> _The data_:
__________

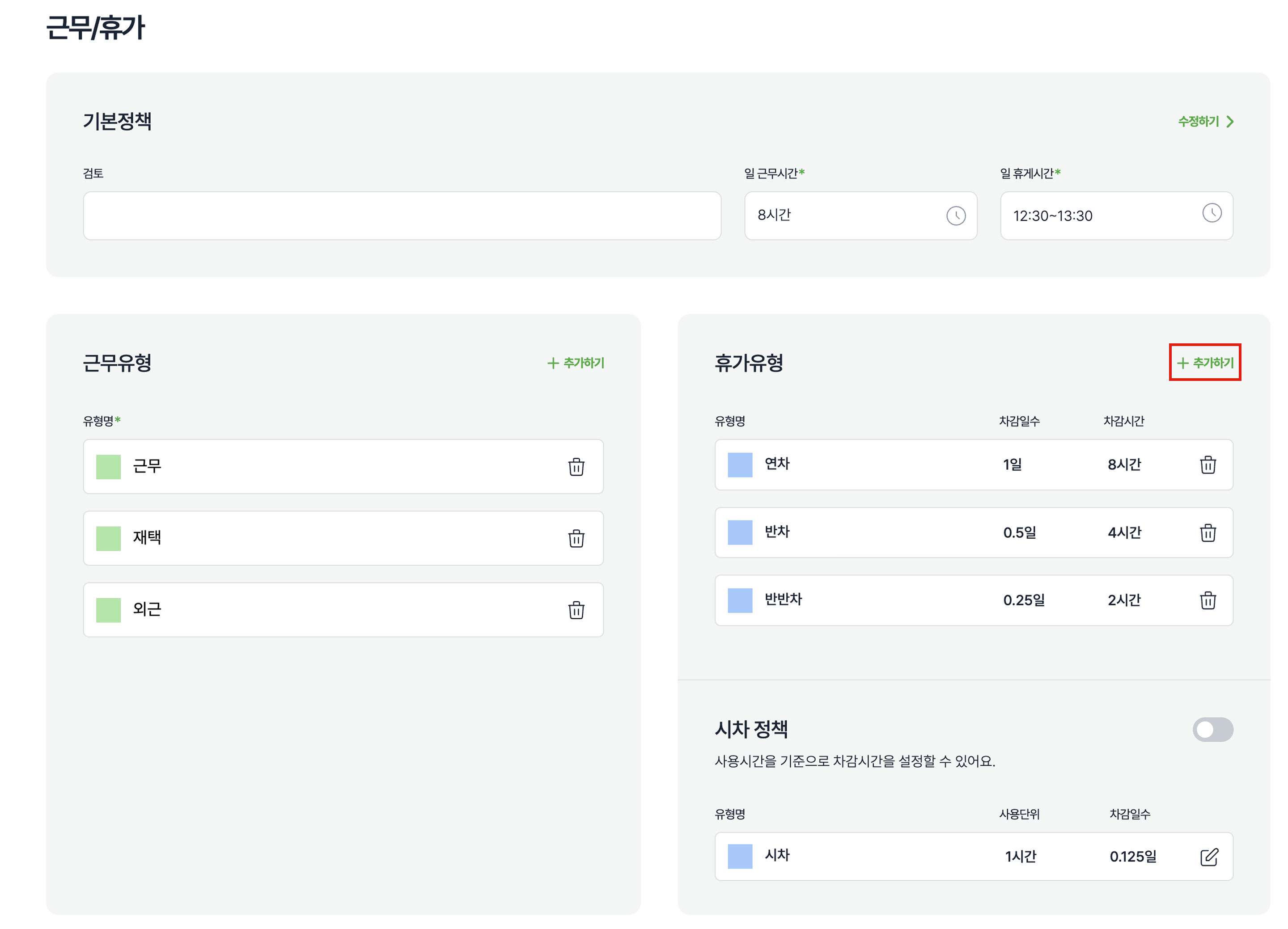휴가 유형 추가 화면이 노출됩니다.
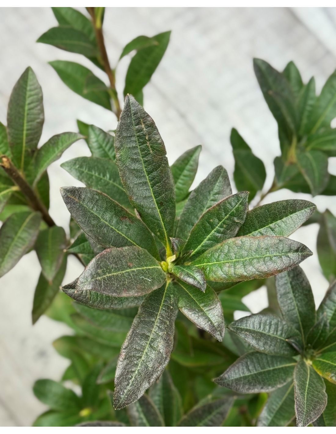 Krzew ma wzniesiony, lekko rozłożysty pokrój i silny wzrost. Po 10 latach osiąga około 1,5 m wysokości i 1,2 m szerokości, a docelowo może dorastać nawet do 4 m. Liście są sezonowe, ciemnozielone, jajowate, o długości do 8 cm. Młode przyrosty mają brązowawy odcień, a jesienią krzew przebarwia się dekoracyjnie w ciepłych tonach brązu.
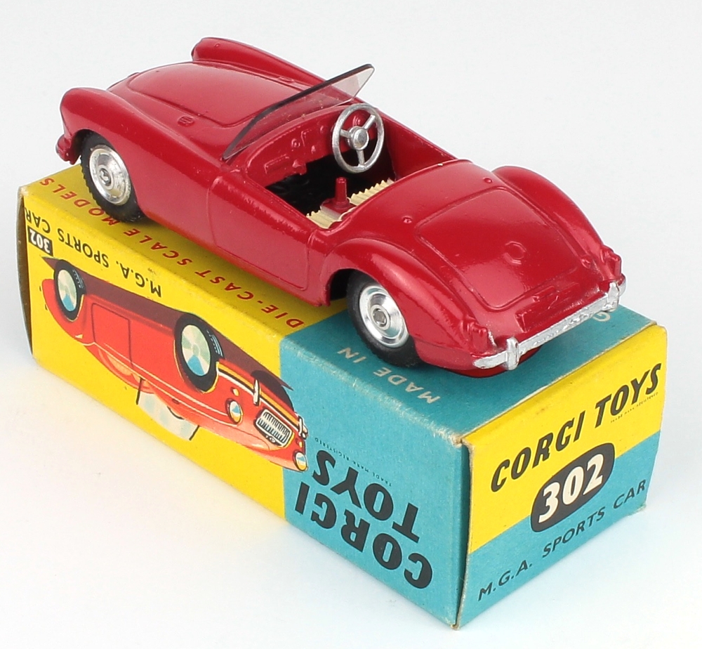 Corgi 302 MGA Sports Car. Very, very near mint/boxed. Deeper red issue with shaped spun wheels. From The Reference Collection.
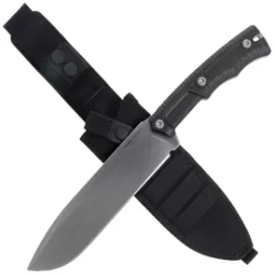 Numen Black G10, Satin, a large survival knife designed by Daniele Dal Canto, a professional instructor of survival techniques. Powerful blade of Böhler N690 steel, full tang construction. Handle made of G10, Sheath made of cordura with M.O.L.L.E.

__________

> _Required work_: Leaving every picture out, repeat each line of the material exactly.

> _Written response_:
휴가 유형 추가 화면이 노출됩니다.
 Krzew ma wzniesiony, lekko rozłożysty pokrój i silny wzrost. Po 10 latach osiąga około 1,5 m wysokości i 1,2 m szerokości, a docelowo może dorastać nawet do 4 m. Liście są sezonowe, ciemnozielone, jajowate, o długości do 8 cm. Młode przyrosty mają brązowawy odcień, a jesienią krzew przebarwia się dekoracyjnie w ciepłych tonach brązu.
 Corgi 302 MGA Sports Car. Very, very near mint/boxed. Deeper red issue with shaped spun wheels. From The Reference Collection.
 Numen Black G10, Satin, a large survival knife designed by Daniele Dal Canto, a professional instructor of survival techniques. Powerful blade of Böhler N690 steel, full tang construction. Handle made of G10, Sheath made of cordura with M.O.L.L.E.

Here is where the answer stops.